Population (December 2020)
- • Total: 23,090
- • Density: 748.7/km^{2} (1,939/sq mi)
- Time zone: UTC+01:00 (CET)
- • Summer (DST): UTC+02:00 (CEST)
- Postal code: 8810 Horgen 8815 Horgenberg 8816 Hirzel 8135 Sihlbrugg Station 8135 Sihlwald
- SFOS number: 295
- ISO 3166 code: CH-ZH
- Localities: Horgenberg, Sihlbrugg Station, Sihlwald, Hirzel
- Surrounded by: Wädenswil, Hausen am Albis, Langnau am Albis, Oberrieden, Thalwil
- Website: www.horgen.ch

= Horgen =

Municipality in Zurich, Switzerland

Horgen (/de-CH/) is a municipality in the district of Horgen in the canton of Zürich in Switzerland.

It is one of the larger towns along the south bank of the Lake of Zurich.

On 1 January 2018 the former municipality of Hirzel merged into the municipality of Horgen.
== History ==
=== Prehistory ===
The oldest vestiges discovered to date come from the coastal station of Horgen-Dampfschiffsteg/Bootshabe. They were discovered during dredging of the channel in 1950, 1961 and 1973 (with additional surveys in 1973 and 1988). These excavations identified four levels of occupation, separated by lacustrine chalk sediments. The oldest level ends with a fire layer, while the next level contained a house dated by dendrochronology to 3713 BC. The ceramics of the oldest layer belong typologically to the middle Pfyn culture, while those of the upper layers belong to the late Pfyn period. Finds included clay crucibles for copper melting, weights, flint and stone tools (percussors, polishers, scrapers, millstones, axes), bone and antler tools, wooden objects (cups, axe handles, weaver's beaters), fragments of bark boxes, and red ochre. Dendrochronology attests to a distinct occupation phase between 2722 and 2695 BC (Corded Ware culture), from which some shards originate. A Bronze Age bronze hook and conical cup are also in the inventory.

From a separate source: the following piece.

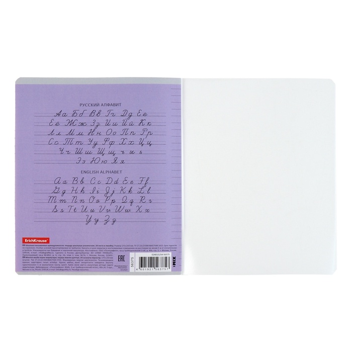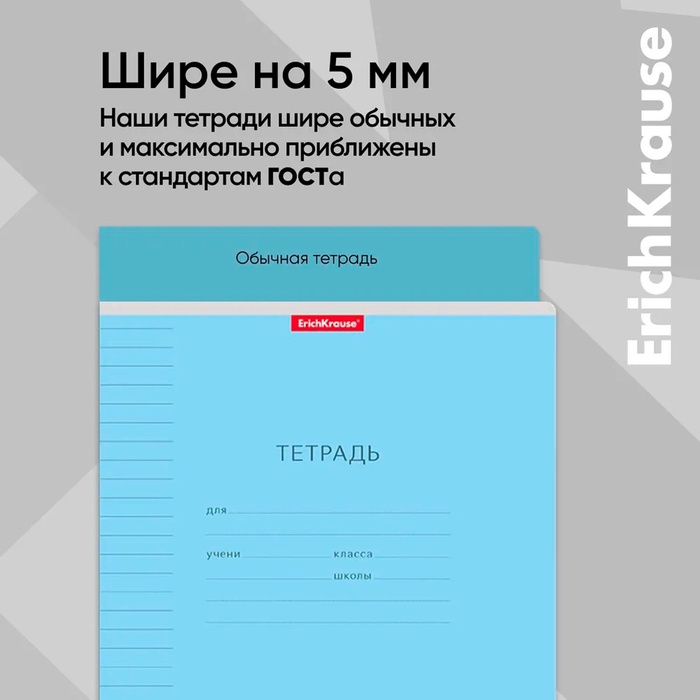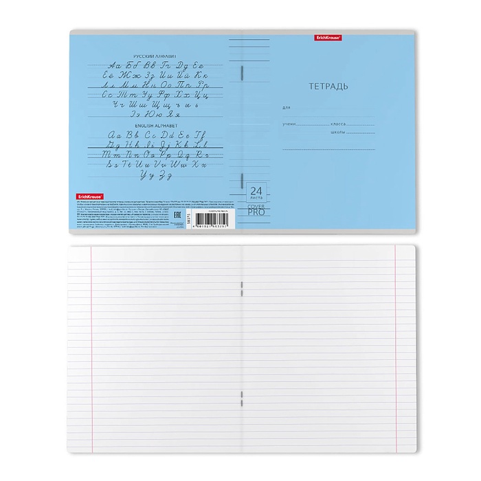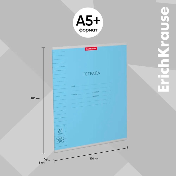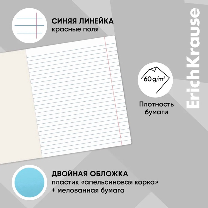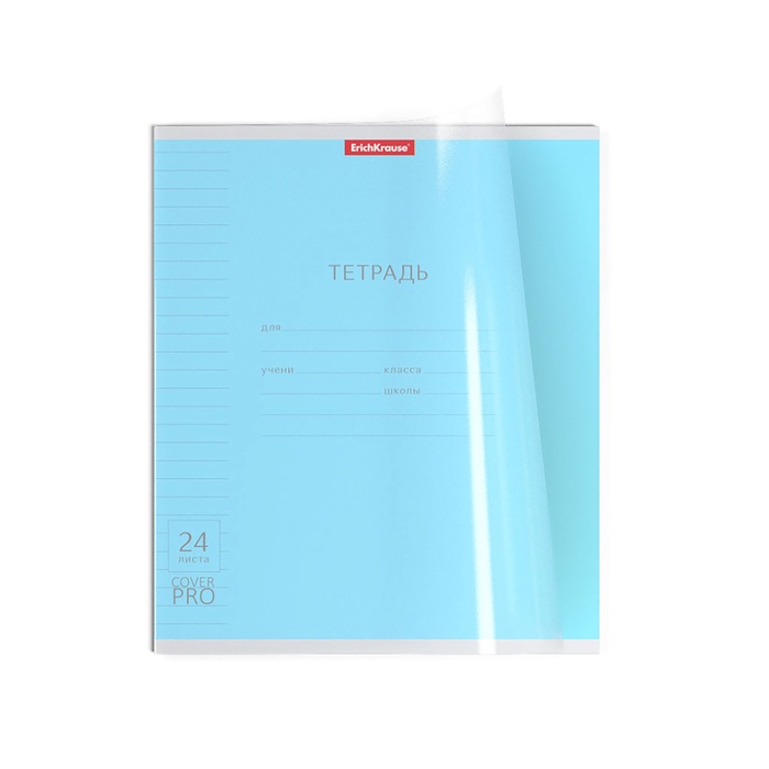 Тетрадь школьная ученическая формата А5+ (170x203 мм). Двойная обложка: внешняя выполнена из высококачественного износостойкого прозрачного пластика с фактурой «апельсиновая корка», внутренняя — из качественной мелованной бумаги. В блоке 24 листа в линейку. Бумага офсетная плотностью 60 г/м2. Цвет линовки — синий. Скругленные уголки обложки и блока. Тип скрепления — скоба. Тетради разных дизайнов упакованы в термоусадочную пленку по 10 штук.

Horgen is the type-site of the Horgen culture (a name created by Emil Vogt in 1934), specifically the station of Horgen-Scheller. First observations date from dredging for a shipyard in 1914, with further work in 1917, 1921, 1923 and 1972. Excavations took place between 1987 and 1990. The excavations distinguished four to seven levels of the Horgen culture, with lacustrine chalk sediments indicating periods of flooding. Dendrochronological analysis of the pile fields (felling in 3051–3049, 3045–3044, 3039 and 3037 BC) revealed that there were undoubtedly two neighboring settlements occupied likely in alternation. The upper layers were rich in varied remains, including ceramics, weights, stone axes, saw traces, wooden combs, a hatchet with a bent handle bound with twine, a human lower jaw, and remains of cereals and fruits.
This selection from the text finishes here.